- **Dataset**

- Opening Delimiter -

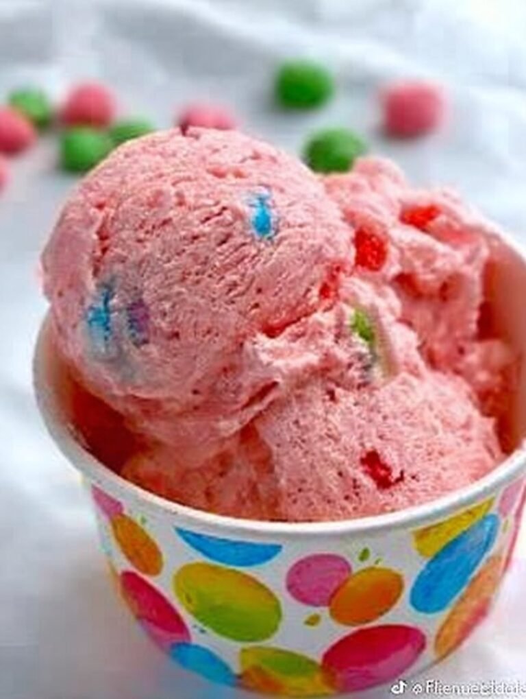 - Step 5: Fügen Sie die bunten Kaugummikugeln erst in den letzten 5 Minuten des Rührvorgangs hinzu oder heben Sie sie vorsichtig mit einem Spatel unter das weiche Eis, nachdem es aus der Maschine genommen wurde. Füllen Sie das Eis in einen gefriersicheren Behälter um und lassen Sie es im Gefrierschrank 2-3 Stunden aushärten.
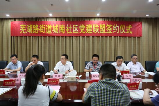 5月26日,合肥蕪湖路街道城南社區(qū)黨建聯(lián)盟正式成立。安徽三建、省建行、省糧食局、省直公積金管理中心、安建建材及安醫(yī)大四附院和市政設(shè)施信息中心等7家單位與城南社區(qū)簽訂“城南社區(qū)黨建聯(lián)盟協(xié)議書”,以共同促進(jìn)黨建工作開展。
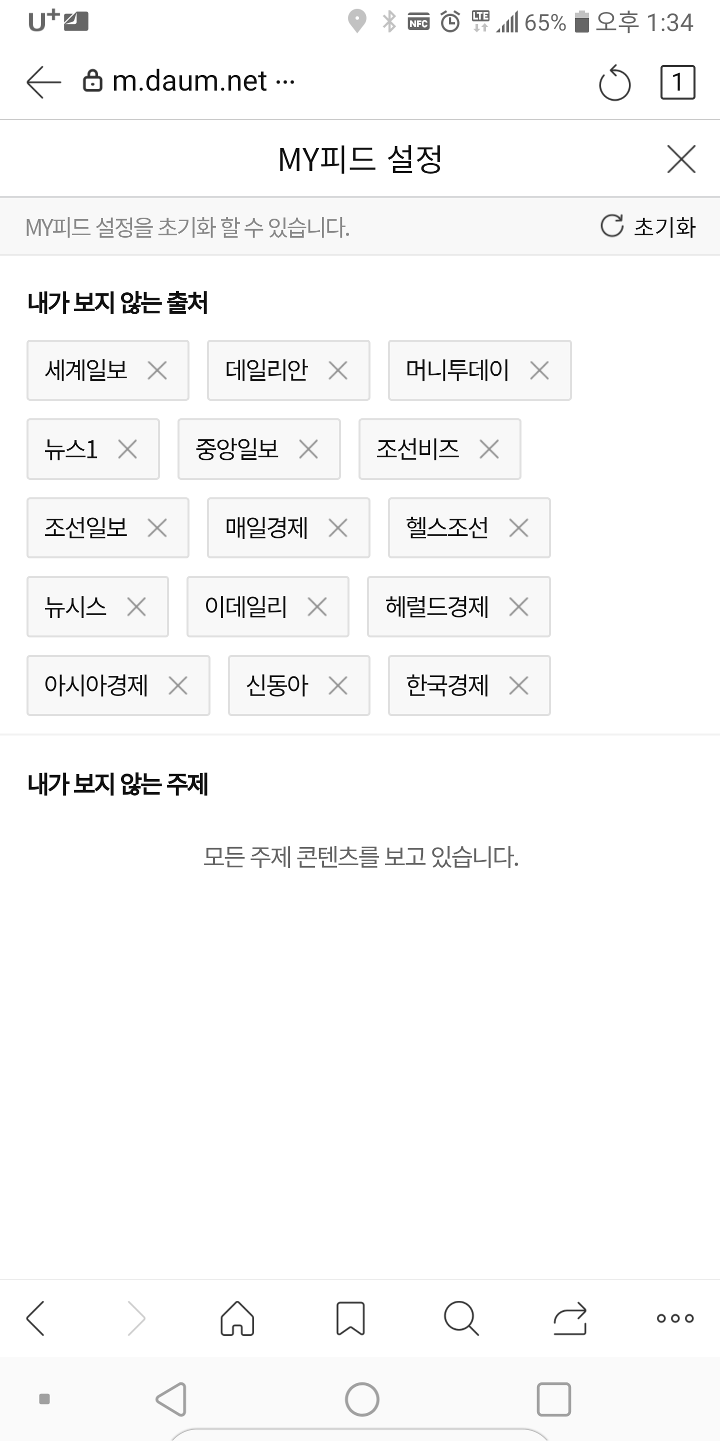 위와 같이 구독하고 싶지 않은 언론사를 설정할 수 있다. 나는 조중동을 비롯하여 경제신문들은 모두 구독에서 빼버렸다.
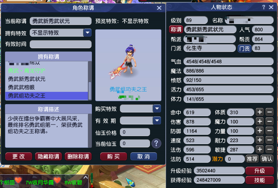 89第一化生,全套极品装备,法宝全满,幻彩驴,浮生绡光膀子,方天画戟,性价比极高!
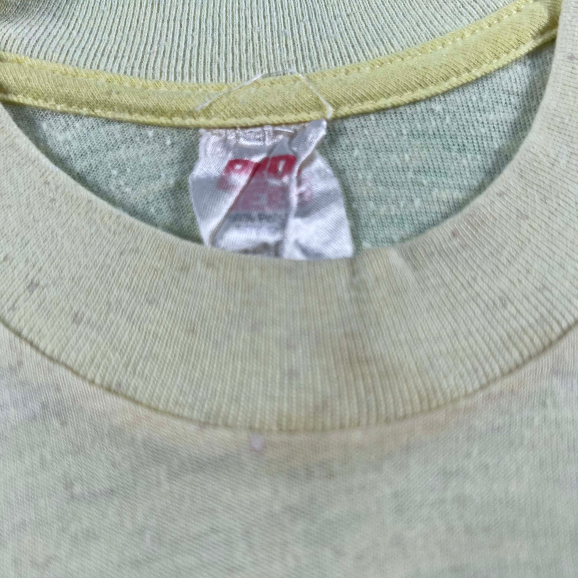 truly a perfect vintage tee!!! butter yellow single stitch blank that is super soft and has a tasteful amount of paint splatter. cute dog graphic where they are just lounging around!!
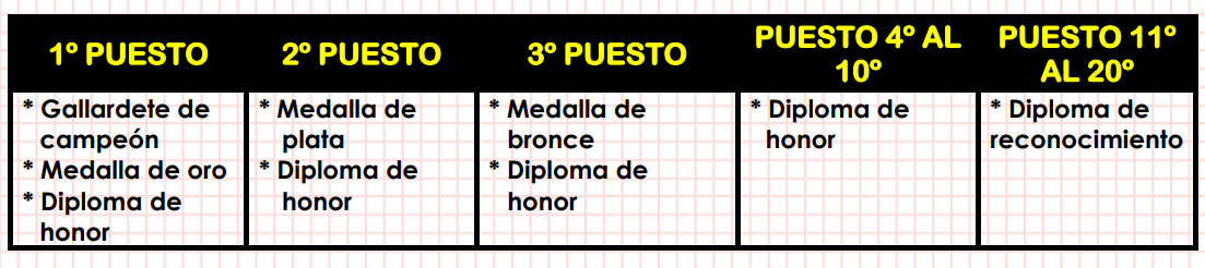 * Los delegados enviarán en una lista de PDF los datos de los alumnos ganadores especificando sus nombres, apellidos, grado y puesto para la elaboración de los diplomas.
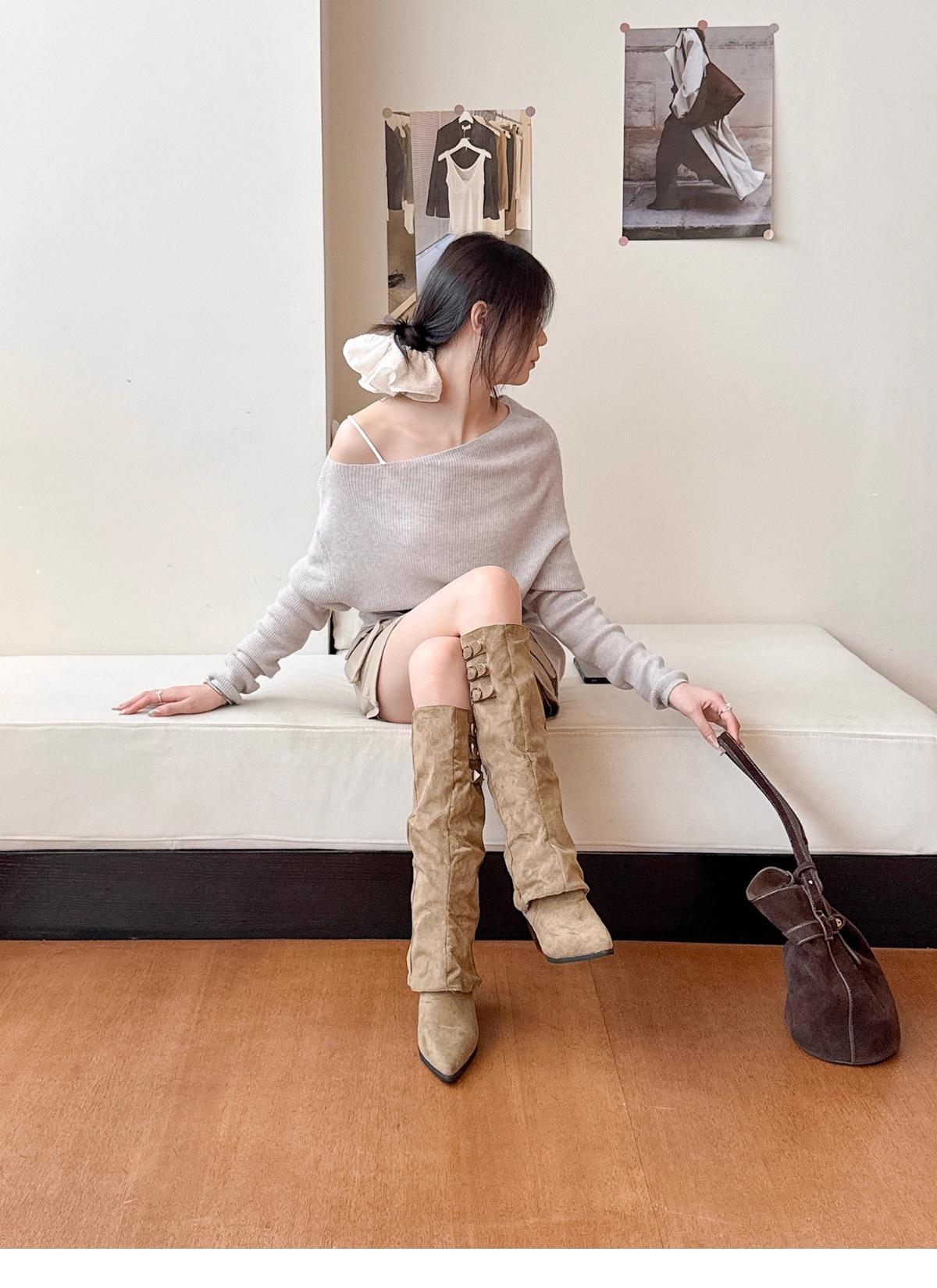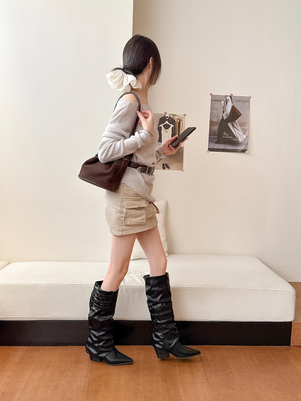 ¡Un zapato, dos formas de usar! Botas altas hasta el muslo de otoño con punta afilada y tacón grueso para mujer, botas largas adelgazantes de otoño
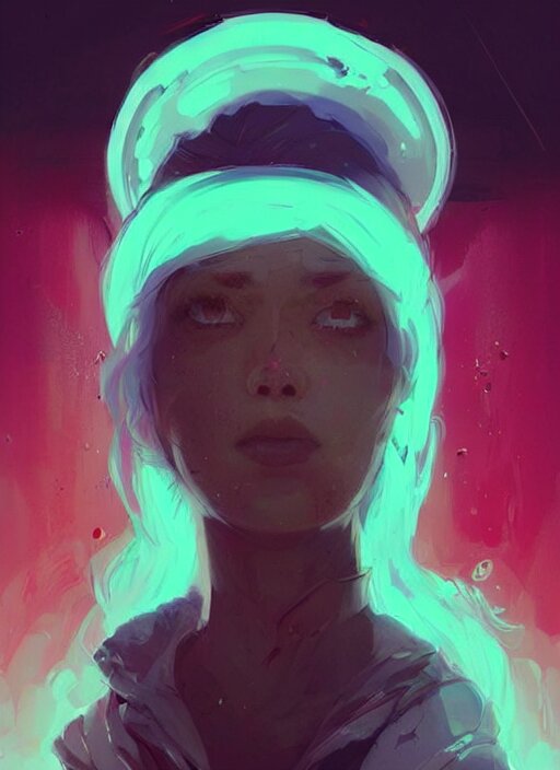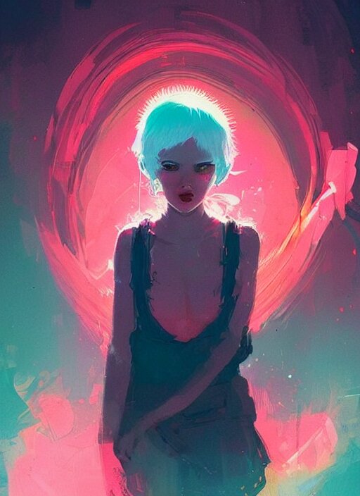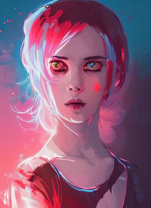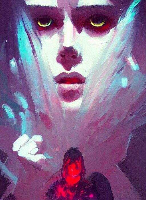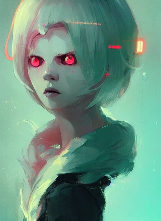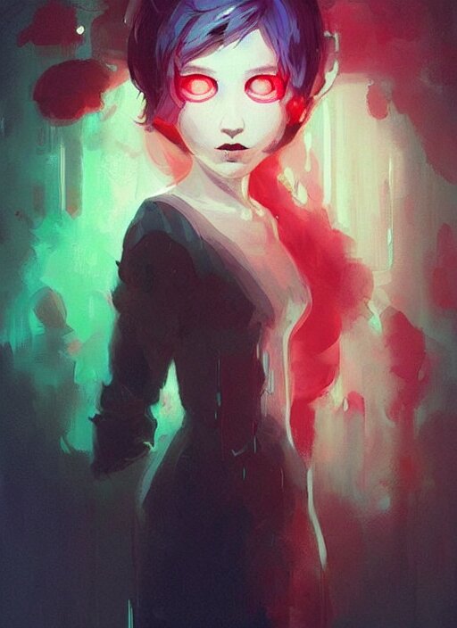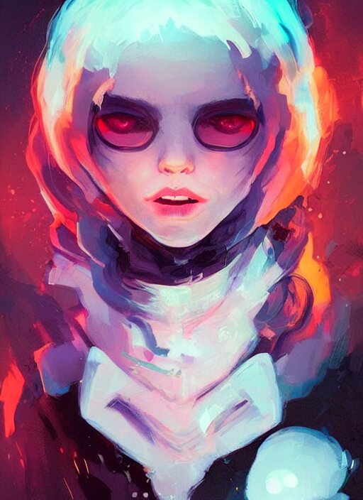 Highly detailed portrait of a ghost likely girl with neon red eyes, short white hair by atey ghailan, by greg rutkowski, by greg tocchini, by james gilleard, by joe fenton, by kaethe butcher, totally colorful, rainbow, neon coloring, dramatic lighting, chromatic, high contrast, trending in pinterest, award winning details
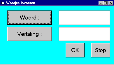 Zet er 2 labels met als opschrift Woord: en Vertaling: en 2 buttons met als opschrift OK en Stop

- Closing Delimiter -

- **Task objective**
In the answer, all of the material should appear exactly as given, with no picture carried over.

- **Answer to this exercise**
 - Step 5: Fügen Sie die bunten Kaugummikugeln erst in den letzten 5 Minuten des Rührvorgangs hinzu oder heben Sie sie vorsichtig mit einem Spatel unter das weiche Eis, nachdem es aus der Maschine genommen wurde. Füllen Sie das Eis in einen gefriersicheren Behälter um und lassen Sie es im Gefrierschrank 2-3 Stunden aushärten.
 5月26日,合肥蕪湖路街道城南社區(qū)黨建聯(lián)盟正式成立。安徽三建、省建行、省糧食局、省直公積金管理中心、安建建材及安醫(yī)大四附院和市政設(shè)施信息中心等7家單位與城南社區(qū)簽訂“城南社區(qū)黨建聯(lián)盟協(xié)議書”,以共同促進(jìn)黨建工作開展。
 위와 같이 구독하고 싶지 않은 언론사를 설정할 수 있다. 나는 조중동을 비롯하여 경제신문들은 모두 구독에서 빼버렸다.
 89第一化生,全套极品装备,法宝全满,幻彩驴,浮生绡光膀子,方天画戟,性价比极高!
 truly a perfect vintage tee!!! butter yellow single stitch blank that is super soft and has a tasteful amount of paint splatter. cute dog graphic where they are just lounging around!!
 * Los delegados enviarán en una lista de PDF los datos de los alumnos ganadores especificando sus nombres, apellidos, grado y puesto para la elaboración de los diplomas.
 ¡Un zapato, dos formas de usar! Botas altas hasta el muslo de otoño con punta afilada y tacón grueso para mujer, botas largas adelgazantes de otoño
 Highly detailed portrait of a ghost likely girl with neon red eyes, short white hair by atey ghailan, by greg rutkowski, by greg tocchini, by james gilleard, by joe fenton, by kaethe butcher, totally colorful, rainbow, neon coloring, dramatic lighting, chromatic, high contrast, trending in pinterest, award winning details
 Zet er 2 labels met als opschrift Woord: en Vertaling: en 2 buttons met als opschrift OK en Stop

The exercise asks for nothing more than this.